We are grateful to all the people who contributed to the selection process.

Find below the final list to be discussed next May, then:


List of selected questions for the Workshop OQOL’09

  • Contingency versus determinism in the origin of life/origin of proteins.

Premise. The origin of life is often seen in terms of two basic, opposite schemes, determinism and contingency. Generally, the two principles work hand in the hand, as each “choice” made by contingency must then comply to the natural laws and, in turn, contingency arises from a given thermodynamic asset. However, when we ask the basic question of whether the origin of life follows an obligatory deterministic pathway (absolute determinism), or whether it is due to the vagaries of contingency, the two views become again drastically opposite to each other. More precisely, according to the deterministic view (as represented most notably by Christian de Duve), the origin of life is seen as an event of very high probability: actually, it had to come out inevitably from the starting and boundary conditions (the so called “gospel of inevitability”). The opposite view (advocated, for example, by Jacques Monod), implies that the origin of life was due to the occurrence of several independent factors, each of them perhaps not un-deterministic, whose simultaneous and unpredictable interaction led to successive events, up to the origin of life.

The question. Do you agree that the choice between these two extreme points of view cannot be done on a rational, scientific basis, and is instead for each scientist a matter of philosophical or religious belief? And, if you do not agree, which scientific arguments would you offer in favour of one or the other lines of thought?

  • Is life an emergent property?

Premise. Although emergence is a notion with many complex sides, the general view is that emergent properties are those novel properties that arise when parts or components assemble together into a higher hierarchic order – novel in the sense that they are not present in the parts or components. Most of modern scientists would consider cellular life an emergent property, as the single components are ‘per se’ not living. Then…
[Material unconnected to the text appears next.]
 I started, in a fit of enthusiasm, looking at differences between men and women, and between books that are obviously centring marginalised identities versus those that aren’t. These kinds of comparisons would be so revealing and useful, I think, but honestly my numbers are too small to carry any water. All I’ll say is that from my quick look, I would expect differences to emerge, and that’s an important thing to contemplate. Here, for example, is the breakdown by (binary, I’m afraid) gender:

The question. Do you think there are sufficient data now to say that life is indeed an emergent property, arising from the interactions and self-organization of non living parts? – Or do you still see a kind of “vitalistic” flavour in the statements that define life as an emergent quality?

  • Heterotrophic versus autotrophic scenarios.
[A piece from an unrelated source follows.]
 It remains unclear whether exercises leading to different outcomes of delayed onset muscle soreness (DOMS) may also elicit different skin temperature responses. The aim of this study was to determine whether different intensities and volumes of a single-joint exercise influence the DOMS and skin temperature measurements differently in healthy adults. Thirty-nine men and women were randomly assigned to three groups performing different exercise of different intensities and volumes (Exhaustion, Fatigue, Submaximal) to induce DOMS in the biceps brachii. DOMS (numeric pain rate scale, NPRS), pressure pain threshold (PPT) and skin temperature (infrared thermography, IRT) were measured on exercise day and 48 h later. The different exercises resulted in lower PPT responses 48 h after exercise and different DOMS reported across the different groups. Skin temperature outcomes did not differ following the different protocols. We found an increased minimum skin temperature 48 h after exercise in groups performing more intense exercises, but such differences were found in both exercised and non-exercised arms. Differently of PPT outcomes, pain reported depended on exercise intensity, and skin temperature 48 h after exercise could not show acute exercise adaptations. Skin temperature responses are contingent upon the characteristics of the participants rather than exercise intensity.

Premise. One of the important questions relating to the origin of life problem today is the heterotrophy/autotrophy dichotomy. In an (extreme) heterotrophic scenario, the organic material supposed to have accumulated in a prebiotic world by high-energy processes (such as those of the Miller type in a primordial atmosphere, or by impact delivery to the Earth from extraterrestrial sources) is assumed to generate the critical self-organization processes culminating in life’s origin. In sharp contrast, in an (extreme) autotrophic scenario, this kind of organic material is considered irrelevant and it is, instead, postulated that the substrates and intermediates of the chemical processes that organized themselves toward life were generated through synthetic processes within self-organized structures (e.g. from free-energy reach C-1- or C-2-organics, combined with strong inorganic reductants).
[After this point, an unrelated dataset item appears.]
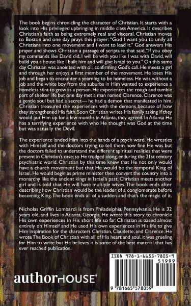 The book begins chronicling the character of Christian. It starts with a look into His privileged upbringing in middle class America. It describes Christian's faith as being extremely real and visceral. Christian moves to Boston and one day prays this prayer: "God I want you to unify all Christians into one movement and I want to lead it." God answers His prayer and shows Christian a passage of scripture that said, "If you obey my commands like David did, I will be with you like I was with David, will build you a house like I built him and will give Israel to you." On this same day Christian was anointed with oil, confirming God's call. He meets a girl and through her enjoys a first member of the movement. He loses His job and began to encounter a yearning to be homeless. He was without a job and the white boy from the suburbs in Him wanted to experience a homeless stint to grow as a person. He experiences the rough and tumble part of shelter life but one day met a man named Clarence. Clarence was a gentle soul but had a secret- he had a demon that manifested in him. Christian treasured the experiences with the demons because of how they strengthened His faith. Soon Christian writes His family asking if they would put Him up for a few months in Atlanta, they agreed. In Atlanta He has a terrifying experience with who He thought was God at the time but was actually the Devil. The experience landed Him into the hands of a psych ward. He wrestles with Himself and the doctors trying to tell them how fine He was but the doctors failed to understand the different spiritual realities that were present in Christian's case; so He trudged along, enduring the 21st century psychiatric world. Christian by this time knew that He not only would have a church movement but that He would be the temporal King of Israel. He would begin as prime minister then convert the country into a monarchy like the ancient kings in Israel's past. Christian meets another girl and is told that He will have multiple wives. The book ends after describing how Christian would be the leader of a conglomerate before becoming King. The book ends all of a sudden and that's the magic of it.

The question. Do you see strong chemical arguments in favor of the one or the other scenario? And which experiments would you do/suggest, in order to possibly clarify this dichotomy?

  • On the origin of catalytic cycles

Premise. In a prebiotic scenario, like that assumed by Stanley Miller in his famous experiments, once given the initial conditions, prebiotic reactions flow towards the most stable compounds, being ruled by thermodynamic control. With the ‘free ticket’ of thermodynamic control, however, chemical prebiotic evolution would not have gone very far. In fact, the question of the origin of life can be abstracted as the question of the origin of enzyme-like controlled catalysis (eventually leading to genetically controlled catalysis), giving rise to sequential metabolic cycles, as opposite to chemically equilibrated reaction pathways. One line of thought considers that films of organic materials, found bound to the hot internal surfaces of inorganic tubes in contemporary hydrothermal systems, may have initiated networks of interaction between different layers that led the way towards metabolic cellular life.

The question. How do you envisage the origin of sequentially catalytized reactions in a prebiotic scenario? And can you provide facts or scientific arguments, not simply beliefs, about this critical point?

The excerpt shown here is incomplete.